中学生時代は港町であったので、住いの近くに貸本屋があり、小遣いをほとんどつぎ込んだ。大衆小説(山手樹一郎柴田錬三郎富田常雄池波正太郎など)を片っ端から読んでおり、新刊が棚に並ぶのが待ち遠しく、それが作家になる土壌になった。

学生時代は登山一辺倒で、北アルプスに4シーズン登っていた。滑落、落石で、3度は死に目に遭う。「この場で死ぬんだな。寂しいな」という焦燥感に襲われた経験もしている。

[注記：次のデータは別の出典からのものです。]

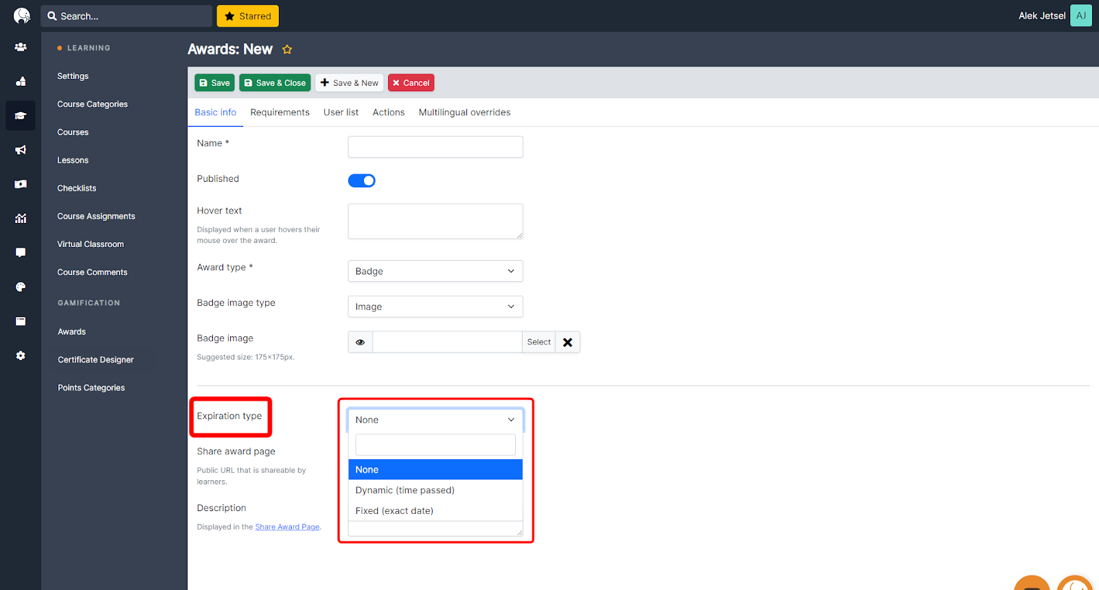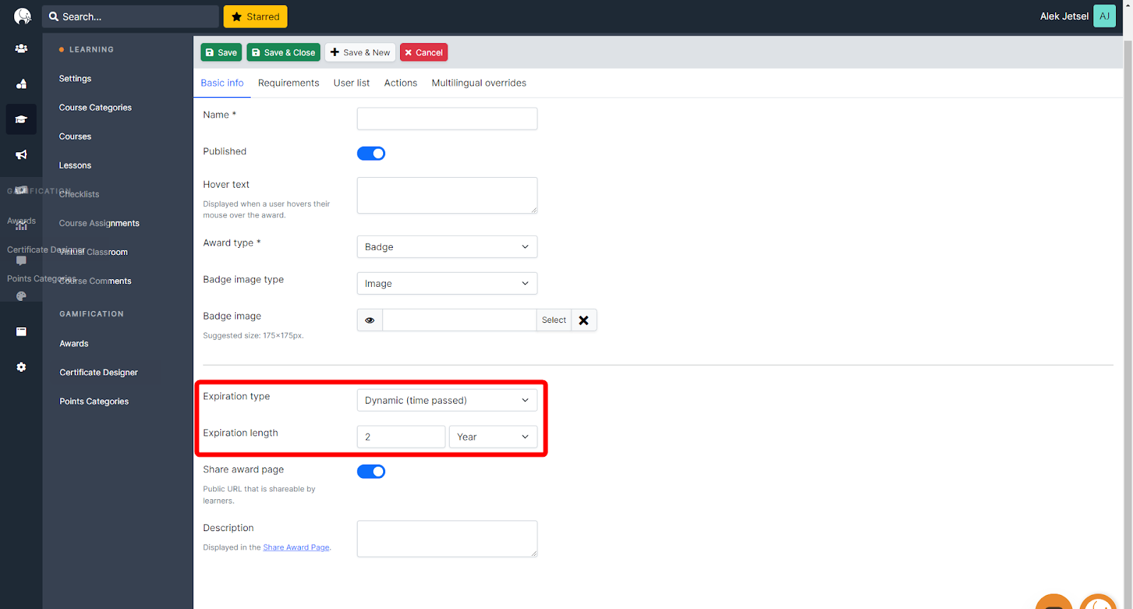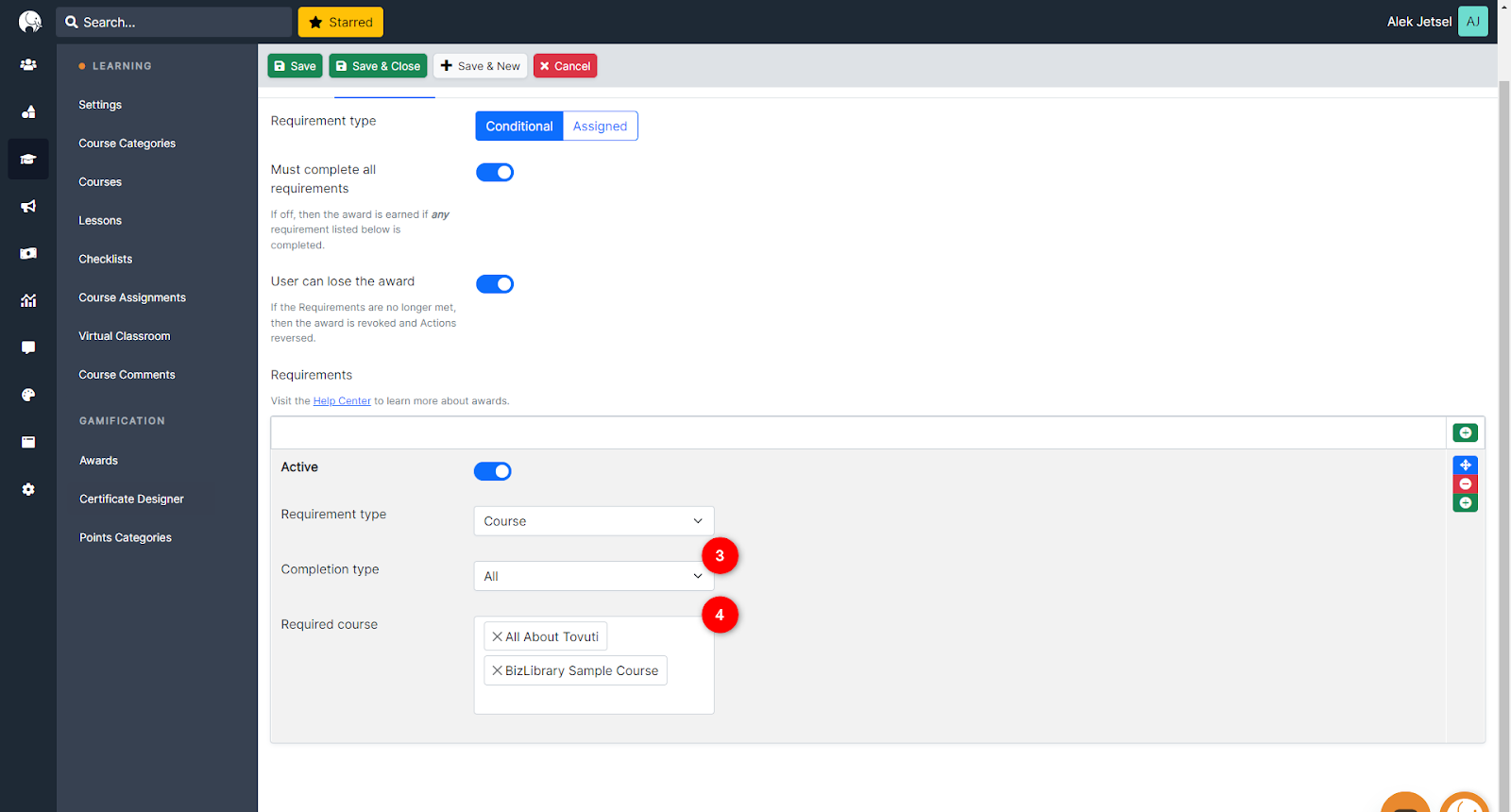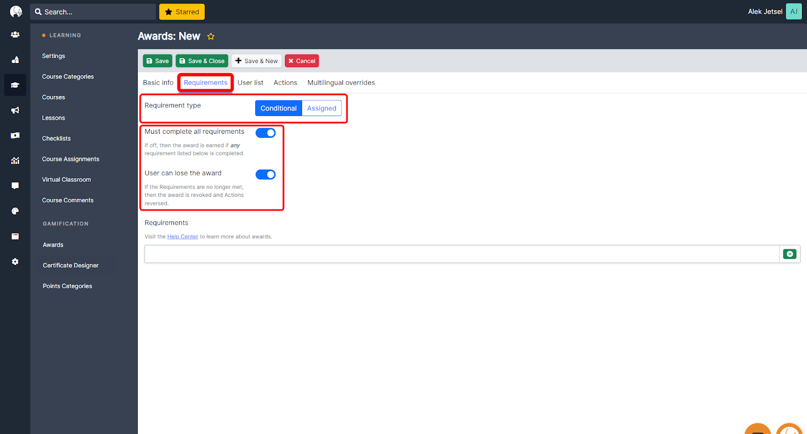 In the Requirements Must All Be Achieved field, select “Yes” if Learners must complete all requirements or “No” if a single requirement triggers the Award. Also, select if the user can lose this Award if requirements are no longer met.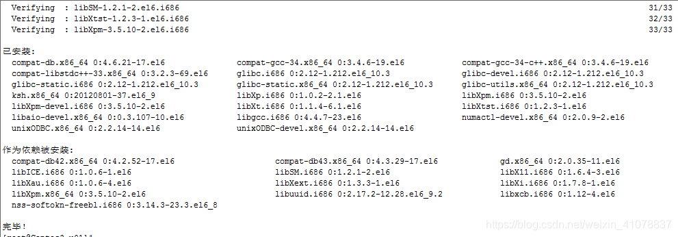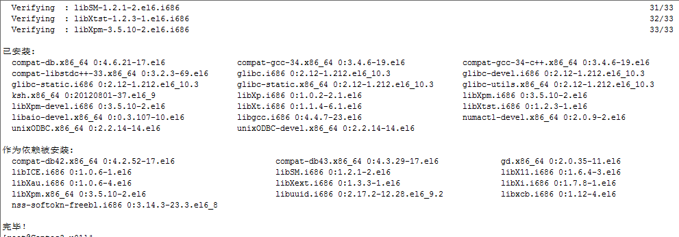 #yum -y install compat-db compat-gcc-34 compat-gcc-34-c++ compat-libstdc++-33 glibc-* glibc-*.i686 libXpm-*.i686 libXp.so.6 libXt.so.6 libXtst.so.6 libgcc_s.so.1 ksh libXp libaio-devel numactl numactl-devel unixODBC unixODBC-devel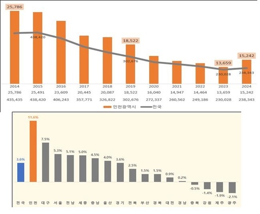 2024년 인천광역시가 저출산 문제 극복에 있어 전국에서 가장 두드러진 성과를 보이며 새로운 해법을 제시하고 있다. 통계청 발표에 따르면 인천의 2024년 출생아 수는 전년 대비 11.6% 증가(15,242명)하며 전국 출생아 증가율 1위를 기록했다. 이는 전국 평균 출생아 증가율(3.6%)의 세 배를 웃도는 수준이다. 인천형 저출산 정책, 인구 유입 증가, 맞춤형 지원책 등이 이러한 성과의 배경으로 꼽히고 이는 인천이 대한민국의 인구문제 해결에 있어 중요한 모델로 자리 잡고 있다는 점을 시사한다.

妻とは中央大学の経済ゼミと、大妻女子大学との交流・合コンで知り合う。その後に交際を重ね、3年ほど経って結婚する。

社会人の最初の仕事は、鉄鋼を扱う商事会社だった。

28歳での大病をキッカケに、病床で小説の習作をはじめる。数年後、「講談社フェーマススクール」で小説養成講座を目にして、「伊藤桂一教室」に通いはじめる。同講座がおわっても、同人誌「グループ桂」を立ち上げて、伊藤にはつねに作品を出し続けた。

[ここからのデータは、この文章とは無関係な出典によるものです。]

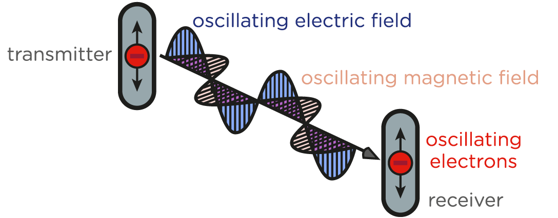 • Radio waves can be sent and received using aerials. An alternating current of high frequency in the transmitter causes electrons to oscillate up and down the aerial.

伊藤の小説批評は厳しく、「原稿用紙は何も書かなければ、一枚3円。100枚文字を書けばトイレットペーハー一つの交換にもならない」という酷評は強烈に印象に残っている。その言葉にも負けす、これまで這いあがってきた。

「10年毎日書けば作家になれる」それを信じたにもかかわらず、純文学にこだわっていたので、20年間も書きつづけても、文学賞の受賞ひとつもなかった。作家になるまで、家庭内ではずっと肩身が狭かった。

習作から25年経って、「第42回地上文学賞」で受賞した時は、とても嬉しかったそうだ。これで家族に顔向けができる。『作家』という肩書が使えると歓びもひとしおだった。そこから受賞癖がついて、1-2年に一度は文学賞の入賞が続いた。授賞式の晴れやかな薔薇のリボンはみな保管している」と話している。

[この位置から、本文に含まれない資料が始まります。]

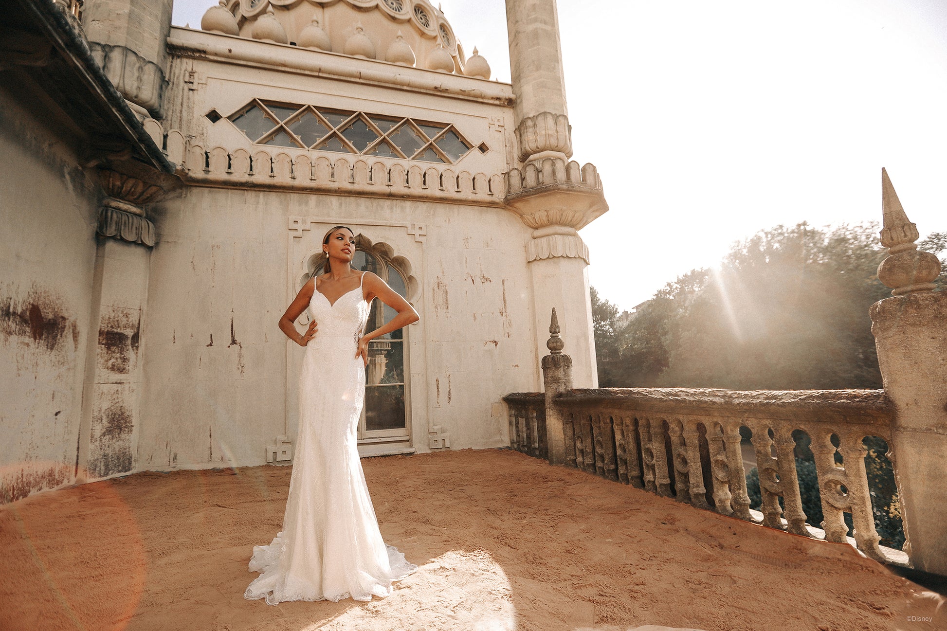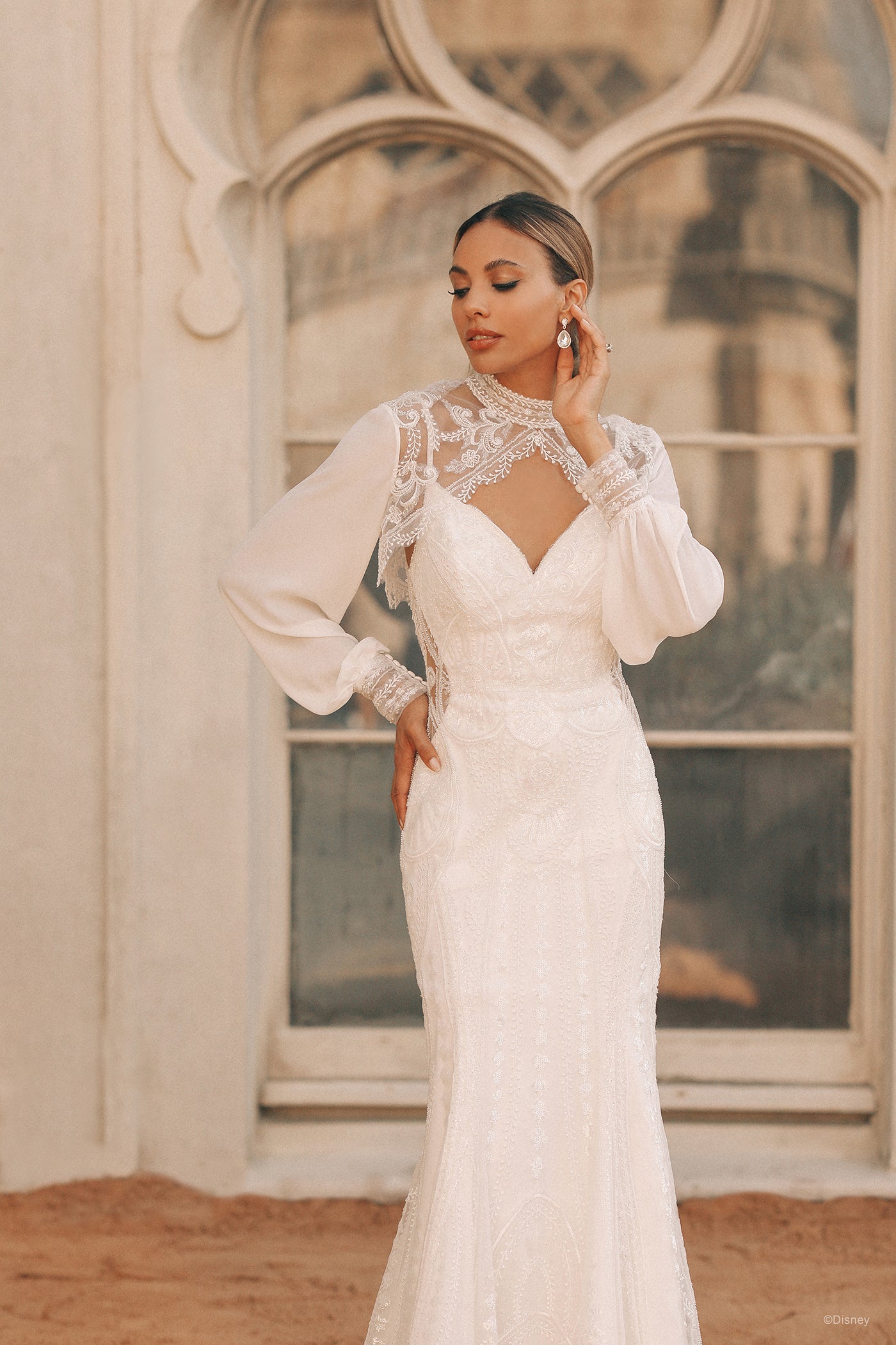 To honor the 30th anniversary of Aladdin, this Jasmine-inspired gown embodies the richness and intricacy of the palace and details seen throughout the film; iridescent sequins cover the embroidered lace seen throughout, while sheer illusion cutouts illuminate the detail of the lacework. A matching jacket finishes the look. This Disney Fairy Tale Weddings D324 gown is also available with jacket D324J sold separately. Shop both gown and jacket when you search for your local Disney Fairy Tale Weddings retailer today. Read Less

純文学や現代小説を書いていたアマチュア作家の頃、取材申し込みは勇気がいった。「何に載るの?」という正面からの質問が最も胸に突き刺さったそうだ。同人誌だったので、その声も小さかったと話している。

作品に対するこだわり

プロの道に入り、ミステリーとか、歴史小説とか、巾を拡げる。「魅力的な人物を克明に描く」そうすれば、良い小説が生まれる。それをモットーにしている。

交友関係とのエピソード

日本ペンクラブの広報委員として、会長以下各委員などと交流が多くなり、私の住まいに近い「昭和が残る葛飾・立石」で、作家やジャーナリストを誘い、交流の輪を広げている。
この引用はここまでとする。